HomeDissertation:Creative BtoSforS Communications in an Age of Sustainability

Creative BtoSforS Communications in an Age of Sustainability

Masayoshi Yamasaki
Vice-Chairman and Kansai Chapter Director, Japan BtoB Advertising Association
Senior Specialist, Corporate Communications Division, Kubota Corporation

Contributed Article
BtoB Communications, June 2012 Issue

Introduction

In his 1965 book Sangyo kokoku: Kangaekata, susumekata, 34-sho (Industrial Advertising: Approaches and Procedures, 34 Chapters), the first work in Japan to focus on industrial advertising, Tasaburo Kobayashi wrote that although the basic thinking behind consumer goods advertising and industrial advertising was the same, in the case of industrial advertising the products and market qualities were different, so the approach and methods of consumer goods advertising alone were insufficient. Accordingly, industrial advertising prevented itself from sinking into oblivion and achieved development by separating itself from the domain of advertising dealing with consumer goods.

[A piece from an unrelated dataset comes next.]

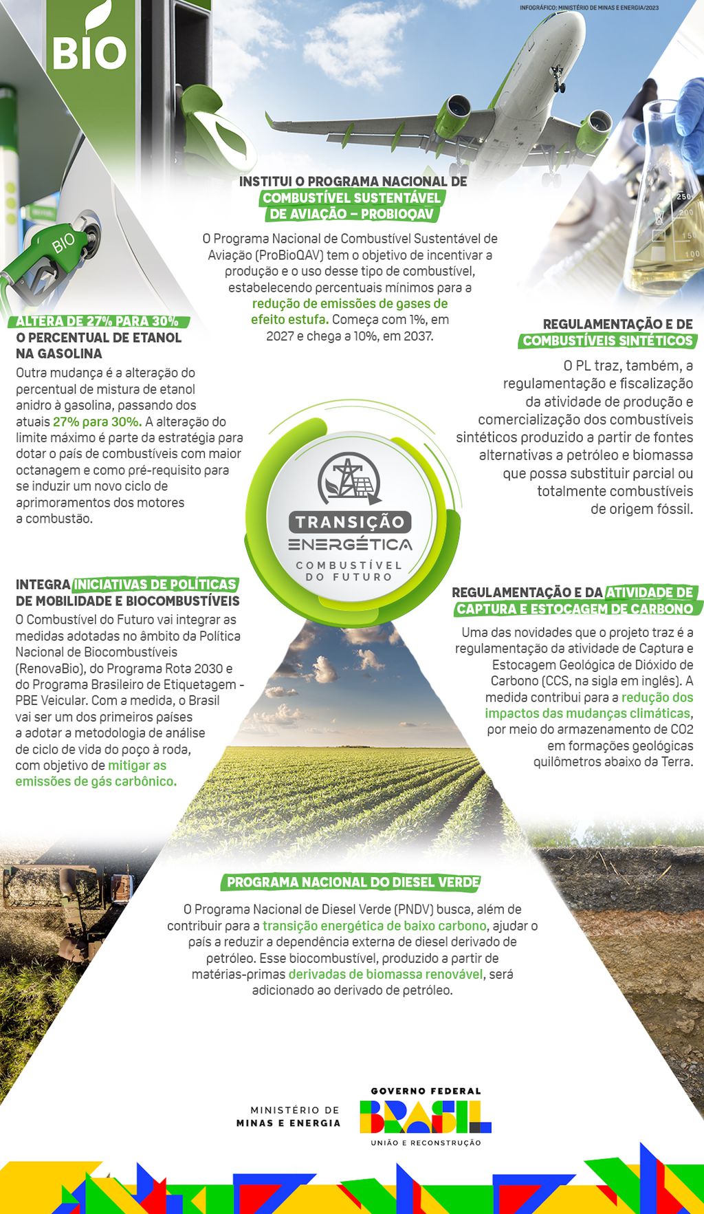 As medidas englobam ainda a alteração da porcentagem do etanol na gasolina (de 27% para 30%), a implementação do Programa Nacional de Combustível Sustentável de Aviação e a regulamentação da atividade de captura e estocagem de carbono, além da criação do Programa Nacional do Diesel Verde.

At that time, however, the objective of industrial advertising was to promote sales. Yasuhiko Kobayashi defined it as a type of advertising focused on the users of industrial and commercial products—that is to say, the people who make purchasing decisions and have influence in companies and other organizations.[. Yasuhiko Kobayashi, “Sangyo kokoku ni kansuru hito-shian: Soshiki kobai o chushin to shite” [A draft plan for industrial advertising, with an emphasis on organizational buying], Journal of Advertising Science, Vol. 1 (Tokyo: Japan Academy of Advertising, 1975), pp. 48–54.] Even though the concept of corporate advertising did exist, the principal target was still the customer, and understanding of the company and the building of trust were seen as nothing more than a means of getting customers to choose that company’s products.

In April of this year the Japan Industrial Advertising Association switched to the status of a general incorporated association and changed its name to the Japan BtoB Advertising Association. This “BtoB,” needless to say, means “business to business,” in contrast to the concept of BtoC, which stands for “business to consumer.” Although I personally am aware that the targeted domains of “BtoB,” “industrial goods,” and “production goods” differ slightly, I will refrain from mentioning them here since it would stray from the main point of this article. Nevertheless, a common misunderstanding arising from these terms is that they target only specified customers and do not involve the general public. These days, as stakeholders multiply and the criteria for evaluating companies, including BtoB enterprises, diversify, companies have come to be appraised not only in economic terms but in social terms as well.

In light of this trend, I have proposed the concept of “business to society for sustainability” (BtoSforS) communications as a form of corporate communications geared toward the realization of sustainable development for both companies and society. This article mainly explores the so far inadequately examined factors necessary for creative work in BtoSforS communications and concludes with a proposal of issues that should be addressed in the future.